Nvidia receives substantial revenue from its chips that are used in data centers and also receives a good percentage of sales from more consumer-oriented markets, which is being pressured by weakness on the gaming side, he said.
“The story for them is data centers and that they are expected to see significant penetration into the automotive landscape and are rolling out new offerings in 2023 such as CPUs,” Zino said. “The long-term opportunity is excellent for them.”
Nvidia’s high multiples were driven by consumer interest in gaming and crypto and those areas may be subdued for some time, Hayes said.
“I have less interest in NVDA, but “would never bet against Nvidia CEO Jensen Huang,” he said.
Intel will likely continue to lose market share to AMD and Nvidia, Zino said.

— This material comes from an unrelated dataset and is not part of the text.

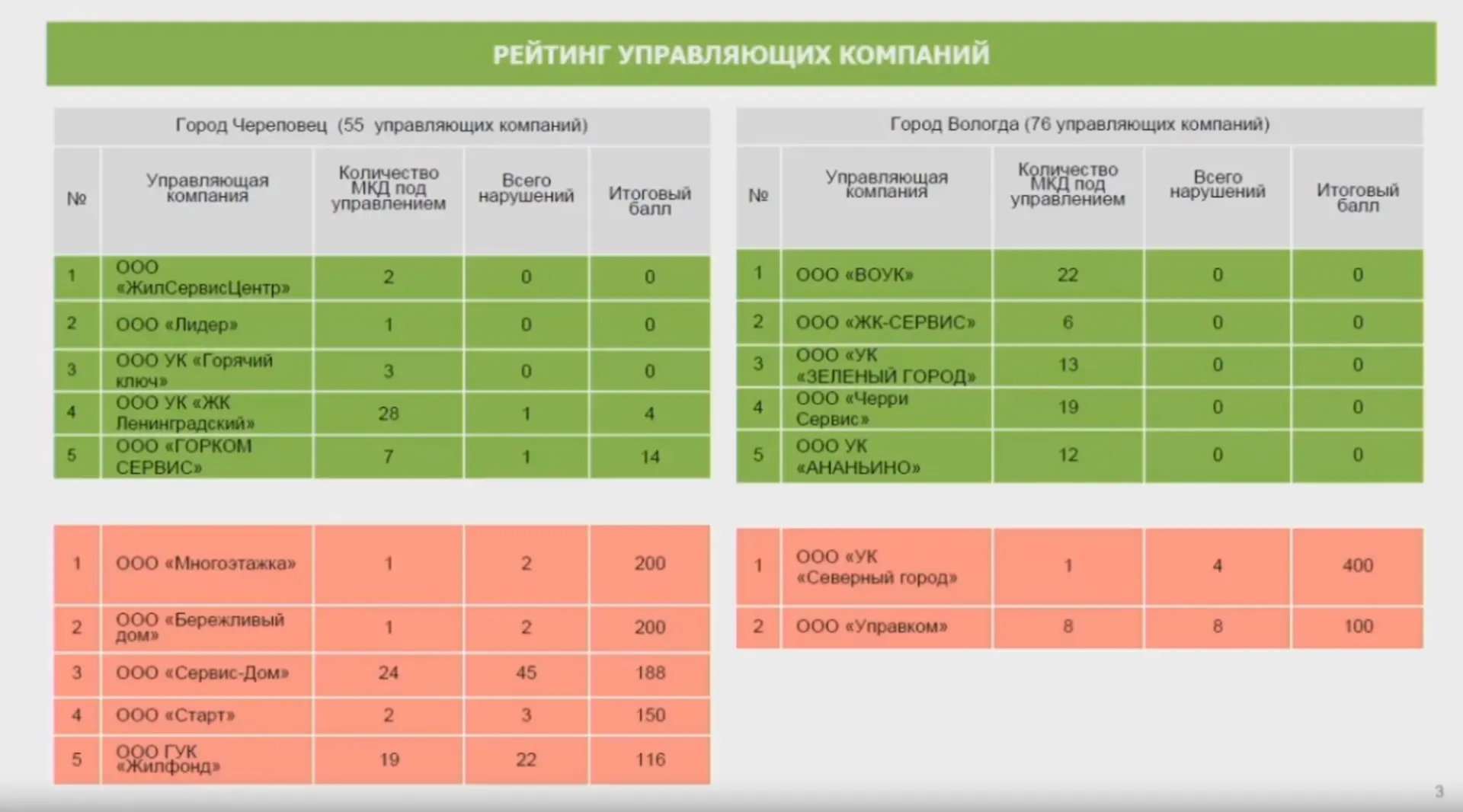 Доклад губернатору представил замгубернатора Антон Стрижов.В рейтинге управляющих компаний Вологды и Череповца лидируют:В Вологде: ООО «ВОК», ООО «ЖК-СЕРВИС», ООО «ЖК «ЗЕЛЕНЫЙ ГОРОД».В Череповце: ООО «ЖилСервисЦентр», ООО «Лидер», ООО УК...

Even though Intel generates enough cash to fund its foundry expansion, it will take the company a couple of years for the transition to play itself out, he said.
Companies like NXP Semiconductors, Onsemi and Microchip that make microcontrollers and power management chips for the automotive industry will continue to be constrained into the second half of the year, Zino said.
“We do expect many of the supply constraints and pain points in the market to considerably ease by the first half of 2023,” he said.
Taiwan Semiconductor Manufacturing Company (TSM) has the lion’s share of the automotive chip business, Hayes said.
“With auto dealer inventories at historic lows, a huge backlog of new car demand and the average age of the U.S. car and truck fleet at 13.1 years, demand will be robust for years to come,” he said.
The semiconductor sector will see “considerable” improvement since the assembly plants in China are now starting to ramp up production, Zino said. Demand in chips will also start to taper as supply is “coming back and will have a more normalized demand landscape playing itself out in the next couple of quarters.”
Investors should never buy them “all at once because you never know when the bottom comes in at a cycle,” he said.
Instead, investors should purchase the stocks after the first round of earnings cuts because “you are typically rewarded and stand to make a lot over time,” Zino said.
Semiconductor stocks have sold off more than the broader market in many instances, but investors could “make a real argument” that there are many companies offering growth at a reasonable price, Sosnick said.
“This is what investors have been seeking for many years,” he said. “There are values in this sector.”